I agree that some fish can live with a small number of ich parasites, for a while. But in the confines of a tank; sooner or later the parasite is going to get any fish. Either a tank has ich or it doesn't. If its present (often in the gills & unseen), it can, and will rear its ugly head. I think a lot of "theories'' and success stories don't really involve true marine ich in the first place. IMO: other parasites, lesions, substrate particles and even bits of foreign matter, are often mistaken for marine ich. When they don't return, a victory over ich is declared. There is just too much valid research on this subject for me to really buy all the anecdotal accounts that come and go. Bottom line: for the cost of one moderately priced fish; a QT, along with a good QT routine will guarantee that ich will never reach your tank. (Disclaimer:99.99 % of the time.)

IMM3DOORSDOWN
02/16/2011, 09:48 PM
The life cycle of this parasite is interesting and is important to understand when evaluating a treatment. The stage where the parasite is attached to a fish is called a trophont. The trophont will spend three to seven days (depending on temperature) feeding on the fish and that is what you see symptomatically when you see "salt sprinkled on the fish". After that, the trophont leaves the fish and becomes what is called a protomont. This protomont travels to the substrate and begins to crawl around for usually two to eight hours, but it could go for as long as eighteen hours after it leaves it's fish host. Once the protomont attaches to a surface, it begins to encyst and is now called a tomont. Division inside the cyst into hundreds of daughter parasites, called tomites, begins shortly thereafter. This noninfectious stage can last anywhere from three to twenty-eight days. During this extended period, the parasite cyst is lying in wait for a host. After this period, the tomites hatch and begin swimming around, looking for a fish host. At this point, they are called theronts, and they must find a host within twenty-four hours or die. They prefer to seek out the skin and gill tissue, then transform into trophonts, and begin the process all over again. What this means is that when your tank is infected, you can actually see symptoms during a very small part of the life cycle, and it why your tank is infected even though your fish are resistant. It will also explain why symptoms come and go.

Many hobbyists are fooled into believing they have cured their fish of the parasites, only to find Ich present again on fish a few weeks later; a reason why following through with a full treatment protocol is so important. Don't make this mistake and be lulled into a false sense of security. The parasites may be in a stage where they are merely regrouping and multiplying for their "next offensive." In the wild, this sort of massive reproductive phase ensures that a few will find a suitable host to continue on the cycle. In the close confines of our aquariums, though, it means comparatively massive infection rates.
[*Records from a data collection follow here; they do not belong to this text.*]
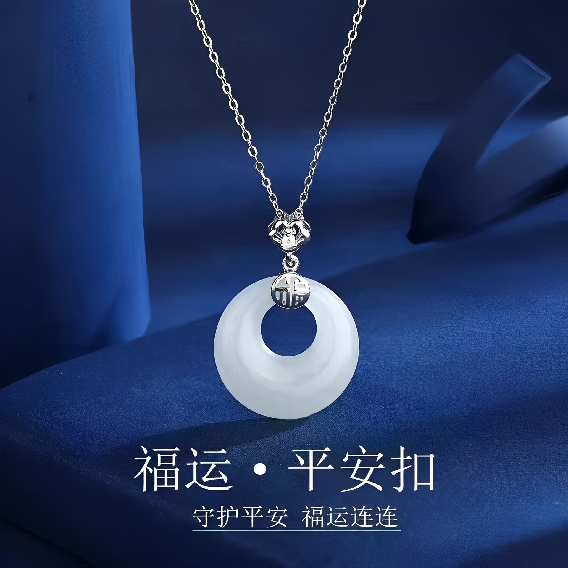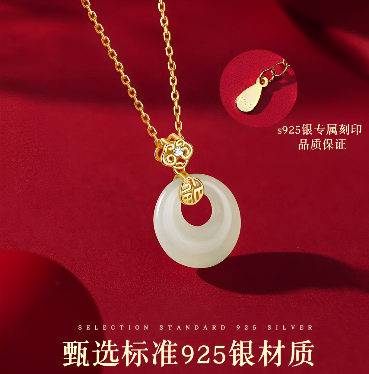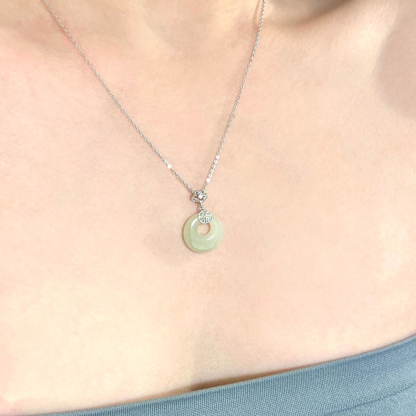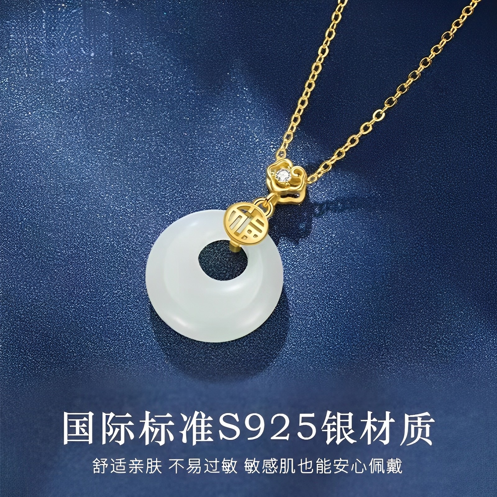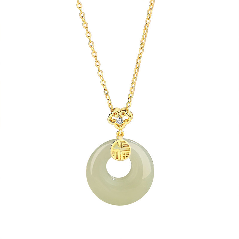 宫主s925纯银福气和田玉平安扣项链 女宫廷风小众天然吊坠新中式
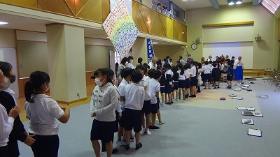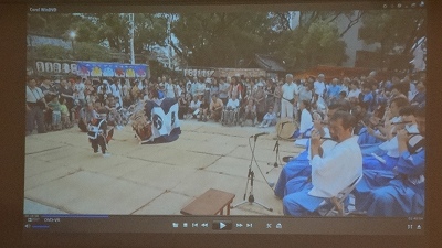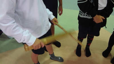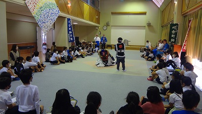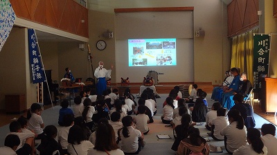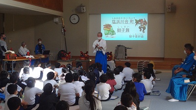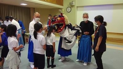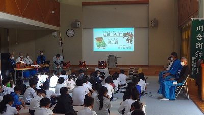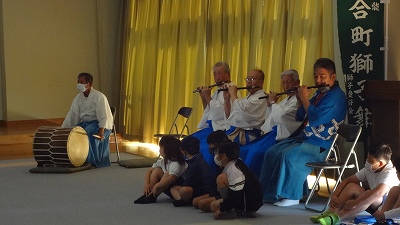 今日は、川合町の獅子愛好会の皆さんにお世話になり、獅子舞の歴史・伝統芸能について学ぶ機会をいただきました。「昨日の塩浜地区文化祭で見たよ!」という子もいれば、初めて目の当たりにする子もいて、見慣れない道具に興味津々!!本物に触れる機会に接し、子どもたちは目を輝かせていました。
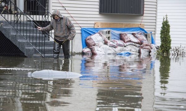 A man checks the water level infant of his barricaded house on a flooded street in the Cartierville district of Montreal.Paul Chiasson/The Canadian Press
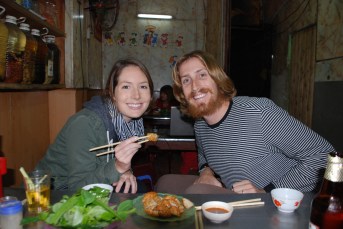The highlight of our stay in Hanoi was definitely a street food tour with Tu.  Tu was born in Nha Trang in central Vietnam, but has lived in Hanoi for the past 10 years writing the popular Sticky Rice food blog.  We really wanted to eat as much of Hanoi’s world famous street food as we could, and we figured having a local show us the ropes would be better than us running around the city pointing at menus we couldn’t understand.  The tour was fantastic.  It felt more like going out to eat with a friend than an organized tour.  Tu picked us up at our hotel and basically told us, “I’ll just keep taking you to my favorite places until you tell me you can’t eat anything else.”  For the rest of the night, Tu took us across the entire city and down all sorts of back alleys to his favorite food spots, and we were definitely the only Westerners to be found at each of them.  We must have tried at least 10 different dishes.  Although our tour was supposed to finish at 8:00 pm, it was nearly 11:00 pm by the time Tu dropped us back off at our hotel, where Anna and I immediately changed into our elastic pants for rest of the week.

This disease is usually associated with several environmental triggers. Changes in water temperature, exposure to high levels of ammonia, nitrite, or nitrate, low pH levels, low dissolved oxygen often associated with overcrowding, are all factors contributing to the onset of the disease. You could lump all of these in a general category of "stress", but it is more appropriate to think of all of these as "unnatural conditions". In fact, Cryptocaryon irritans is rare in the wild even more unlikely to be lethal. Ich is truly a disease that exploits the conditions of captivity to reproduce and easily find suitable hosts.

By the way, trophonts are under the skin so cleaner wrasses and cleaner shrimp have no real effect on reducing this parasite.

By the way, a vlamingi tang is not normally a new to the hobby fish as it really requires a very substantial tank.




I really hope you have that saved somewhere.and all you did was copy then paste.good reading for sure.that was alot of typing.thanks for the lesson.